Looking at the coin you an get the previous owners id → retrieve their public key and confirm the current owner has been signed by previous owner(s).
The transaction managers will accept a message signed by the new owner (by retrieving the public key and confirm signed request) to transfer ownership to new owner(s). We may test not keeping the signature but the public keys, so you can replace sign+prev owner with a vector of public keys (it’s faster) but has potential drawbacks.
If the coin has not finished being transferred (in a multisig) any previous owner can withdraw their signature to sign over (for contracts that break down etc.). Limbo coins will not be able to be transferred (by default they are locked with the algorithm itself, not physically)

There is an opportunity to replace all of this with integers alone, so the ints would be 64 bit and it is a case of transferring a number which is way more efficient, but we are still analysing the implications right now. If a single group were compromised with the second scheme then it would mean all coins in trouble. In the initial scheme then only a members coins could get into trouble (very limited even at that). At the moment any compromised group (yes if somebody did join over time with 3 times the network size or more) then it is a DOS type attack or vandalism and not theft. So its good to keep that paradigm in place.

So the in future will be possible to switch to the int value alone, then subdivision is instant and super super simple, We jut probably need the balance of slow and steady → high efficiency.

Switching to such a scheme could easily be done in real time with the clients all converting old safecoin to new safecoin (everyone’s client would automatically do this if we decided on this action). So it would be painless but a version number upgrade for sure. Its a reason I am not too worried about subdivision and workload, the answer as ever will be fundamental and more efficient again.

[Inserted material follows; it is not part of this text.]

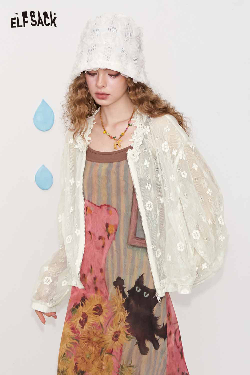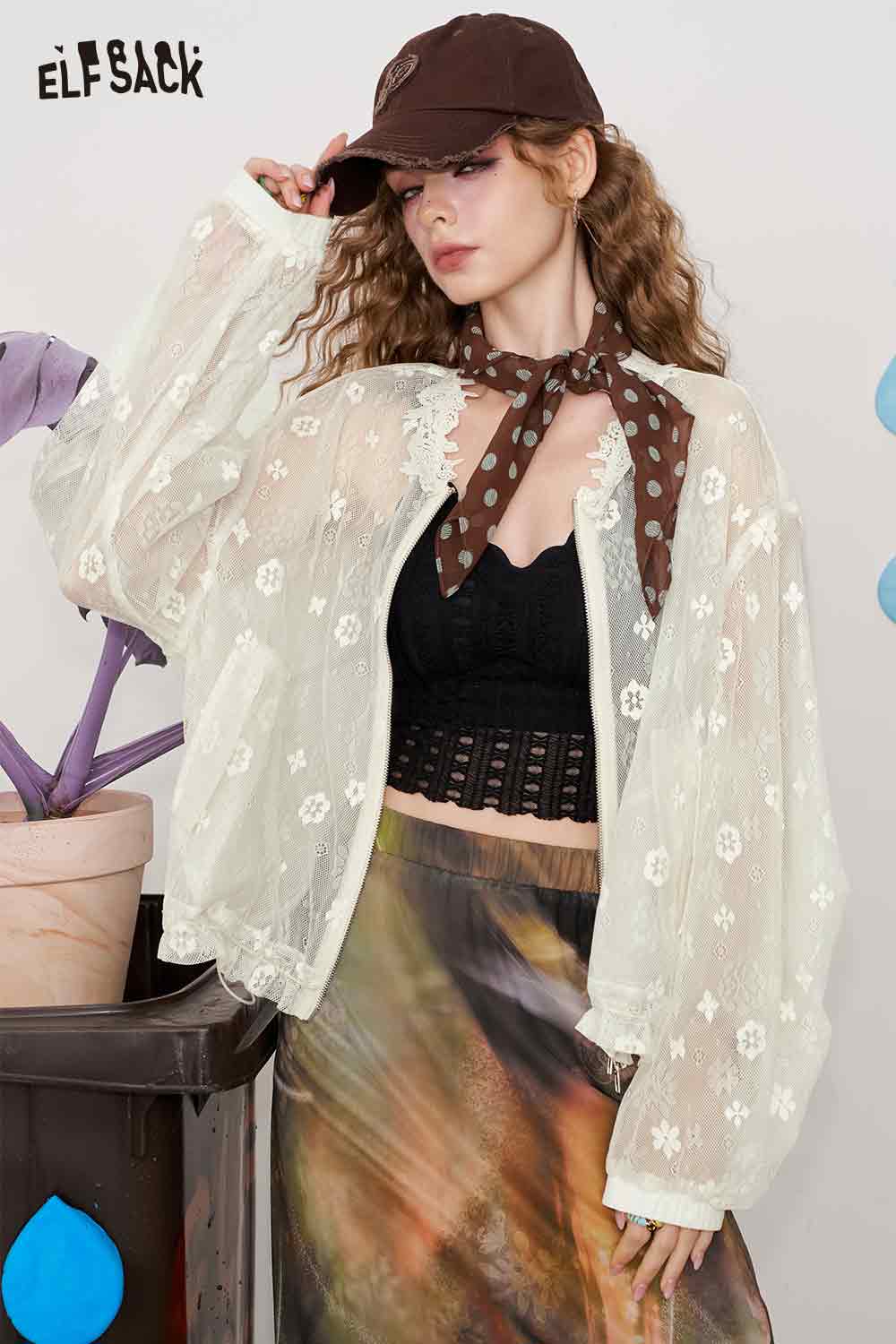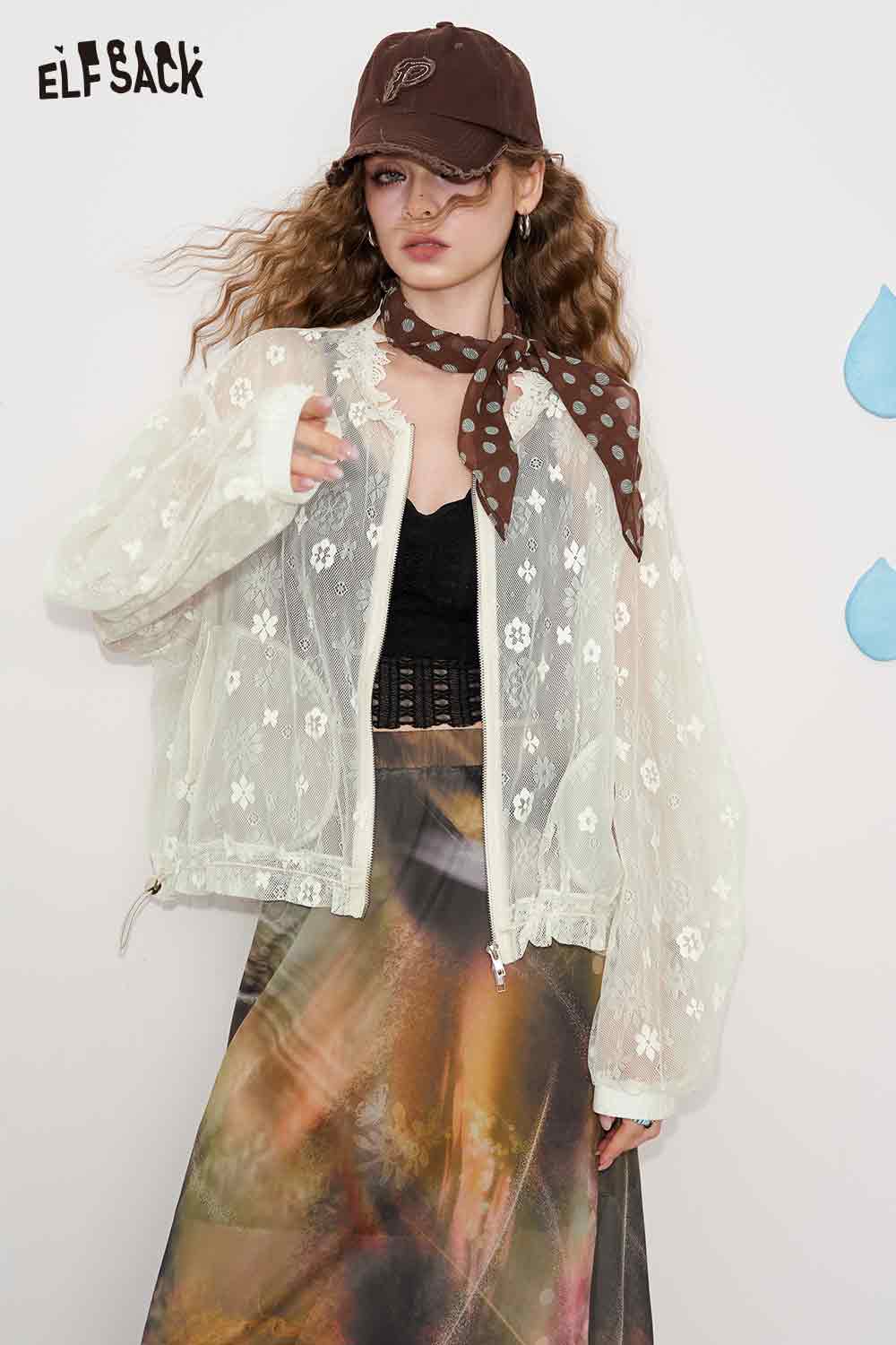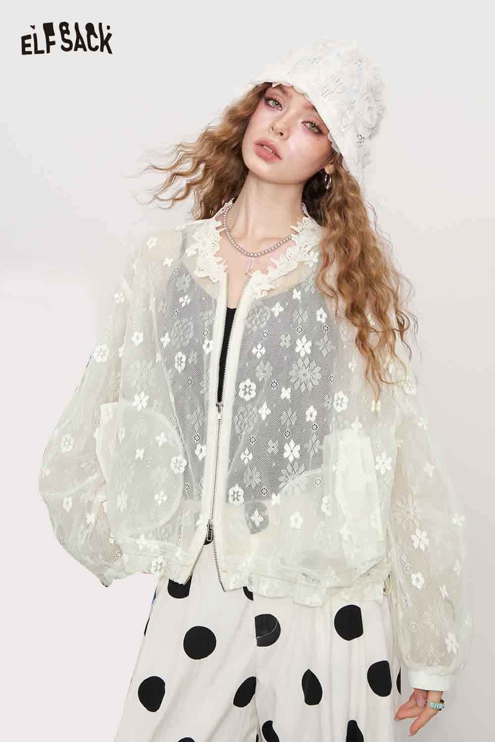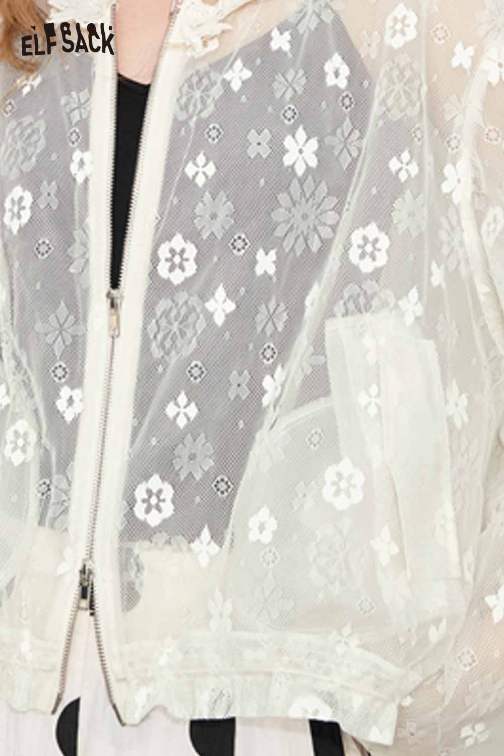 Lace White Jacquard Openwork Cover-Up Lightweight Breathable Summer Cardigan

In terms of the vandalism or traffic attack described then it is on the attacker to sign the transaction (which is computationally more heavy that checking) so the way to defeat this kind of DOS thing (or traffic amplification attack) is to make it cheap for the network and expensive for the attacker. I think we are OK there.

Agreed,

I only pointed out Bitcoin transaction costs to show they recognized the problem. But I don’t advocate transaction costs.

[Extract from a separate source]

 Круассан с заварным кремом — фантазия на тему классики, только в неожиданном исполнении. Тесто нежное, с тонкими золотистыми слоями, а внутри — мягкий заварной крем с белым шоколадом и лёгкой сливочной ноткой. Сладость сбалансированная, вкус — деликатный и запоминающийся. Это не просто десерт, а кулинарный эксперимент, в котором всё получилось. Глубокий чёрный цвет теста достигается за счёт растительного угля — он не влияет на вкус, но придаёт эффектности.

We have to be careful how we judge spammers. There are people who transact in very large amounts, and frequently move money (Safecoins) between different accounts. As a business background, this is very common, for example sending money to your payroll account once you issue out paychecks. Or sending it to a purchasing account… etc.

Hopefully we’ll come up with something very practical that works.

Bitcoin transactions have a certain real cost too - not only do they require confirmation, but they also consume storage space in the blockchain forever.

Confirmations in Bitcoin are expensive as the whole network needs to reach a majority consensus. Blockchain storage is expensive as every node must store the transaction.

In contrast, Safecoin has a small group of nodes to confirm the transaction and no storage requirements for journaling the transaction details.

Therefore, there is a far smaller (many orders of magnitude) at-transaction time computational cost and no persistent storage cost.

Blockchains are inherently much more costly to maintain and I suspect fees are both critical and unavoidable. As long as Safecoin transaction resource costs are one-off and smaller than the client - entirely feasible it seems - then there would be no need for fees.

Ofc, storing and de-duplicating the blockchain on the safe net will reduce Bitcoin overheads and improve blockchain scalability. Safe net wins both ways!